Şirket yetkilisi Politico’ya verdiği demeçte, “Bu nedenle telekom operatörlerinin demiryolu altyapısının yakınındaki sinyal kalitesini ve kapsama alanını iyileştirmeleri gerekiyor” sözlerini kullandı.
İSVİÇRE’DE DURUM FARKLI
İsviçre, Avusturya ve Hollanda’dan neredeyse 30 kat daha süratli yerleşik Wi-Fi suratlarıyla açık orta önde gidiyor. Ookla’nın örnekleminde, emniyetli internet kullanımı için asgarî hudut olan saniyede 25 megabit ortalama indirme suratı sonunu aşan tek ülke İsviçre oldu.
UYDU SAĞLAYICILARI ÇÖZÜMÜ
Bazı demiryolu operatörleri artık daha düzgün araç içi internet için gökyüzüne bakıyor ve tren güzergahlarındaki kapsama boşluklarını doldurmak için, uydu sağlayıcılarına yöneliyor. Çek Demiryolları, Elon Musk’ın Starlink ağını denerken, Fransa’nın SNCF’sinin ise hem ABD’nin Starlink ağını hem de Fransız-İngiliz rakibi Eutelsat’ı hedeflediği biliniyor.
Ookla’da dal analisti olarak misyon yapan Luke Kehoe, Polotico’ya yaptığı açıklamada, uydu temasının, açık gökyüzü ve yörüngeye yakınlık sayesinde havayolları için âlâ çalıştığını lakin bunun “müthiş bir çözüm” olmadığını, daha fazla genel ilişki karışımına bir katkı olduğunu söyleedi ve “Odak noktasının büyük kısmı trene sinyal ulaştırmak üzerine, lakin trenin etrafında sinyal ulaştırmayı unuttular” diye ekledi.

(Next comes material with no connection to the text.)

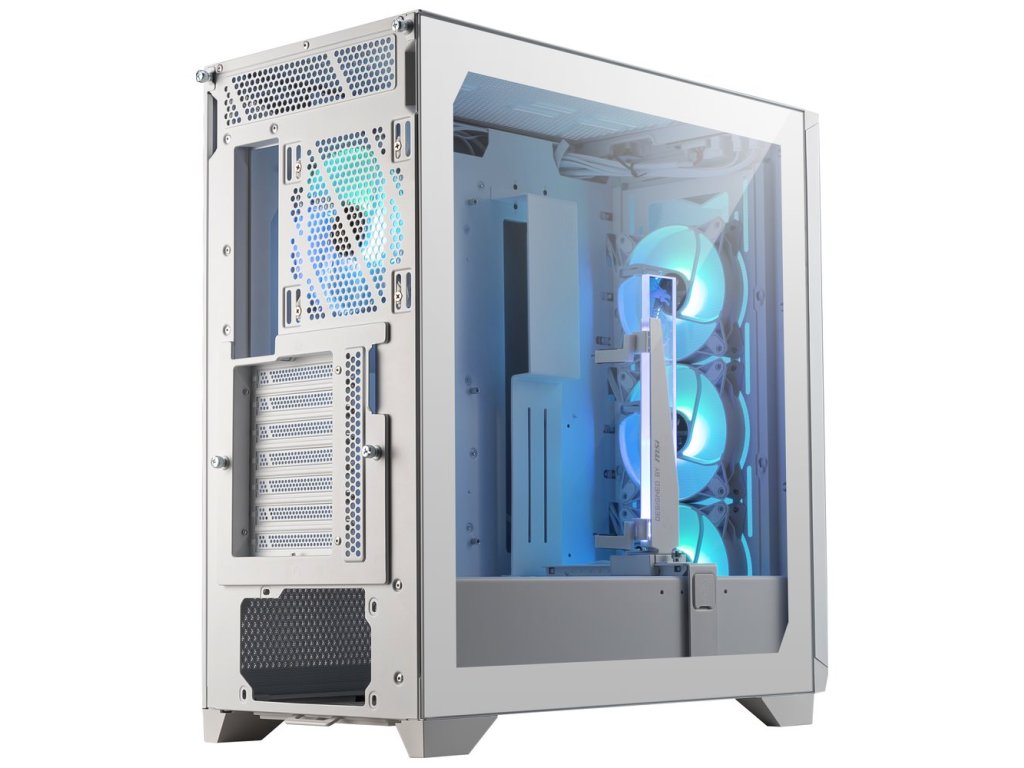 Moderní počítačová skříň s neotřelým designem, průhlednou bočnicí z temperovaného skla a poloprůhledným čelem s perforací pro optimální proudění vzduchu. Formát Middle Tower nabízí dostatek prostoru pro uložení šesti 2,5" disků, dvou 3,5" disků a až 12 ventilátorů. Předinstalovány jsou čtyři 120 mm ventilátory s adresovatelným RGB podsvícením. Rychlou změnu podsvícení umožňuje tlačítko na horním panelu. Zde se také nachází dva porty USB 3.0, jeden port USB-C, sluchátkový výstup a audio vstup pro mikrofon. Ve skříni je dostatek prostoru pro chladič CPU do výšky až 175 mm a grafickou kartu o délce až 360 mm. Důmyslné řešení umožňuje pohodlné umístění až 360 mm dlouhého výměníku vodního chlazení na přední či horní straně. Skříň je dodávána bez zdroje.

TÜRKİYE’DEKİ YHT’LERDE DURUM
Türkiye YHT’lerinde (Siemens Velaro TR ve CAF setleri) iç sinyal tekrarlayıcı sistemi yok. Sinyal kalitesi büyük ölçüde, vagon kapılarından yahut zayıf noktalardan içeri sızan radyo dalgalarına bağlı. Bu yüzden tünellerde, kırsalda ve yüksek süratli seyirde taşınabilir internet birden fazla vakit kopuyor. TCDD’nin bugüne kadar resmi olarak “radyo sinyali geçirgen tasarım” açıklaması olmadı; daha çok Wi-Fi sistemi eklenmesi planlarından bahsedildi, fakat bu da hudutlu kaldı.
VAGONLAR
HT vagonlarının gövdeleri ekseriyetle alüminyum alaşım yahut çelik panellerden yapılır. Metal yüzeyler, radyo frekanslarını (özellikle 4G/5G sinyallerini) önemli biçimde zayıflatıyor. Bu tesir “Faraday kafesi” tesiri olarak biliniyor. Pencerelerde çağdaş tren camlarında çoklukla ısı yalıtımı ve güneş denetimi için metal oksit kaplama (Low-E) bulunuyor. Bu kaplama, radyo dalgalarını da yansıtarak içeri girişini zorlaştırıyor. Bu iki tesir birleşince, vagon içindeki cep telefonu sinyali dışarıdan direkt çok zayıf giriyor.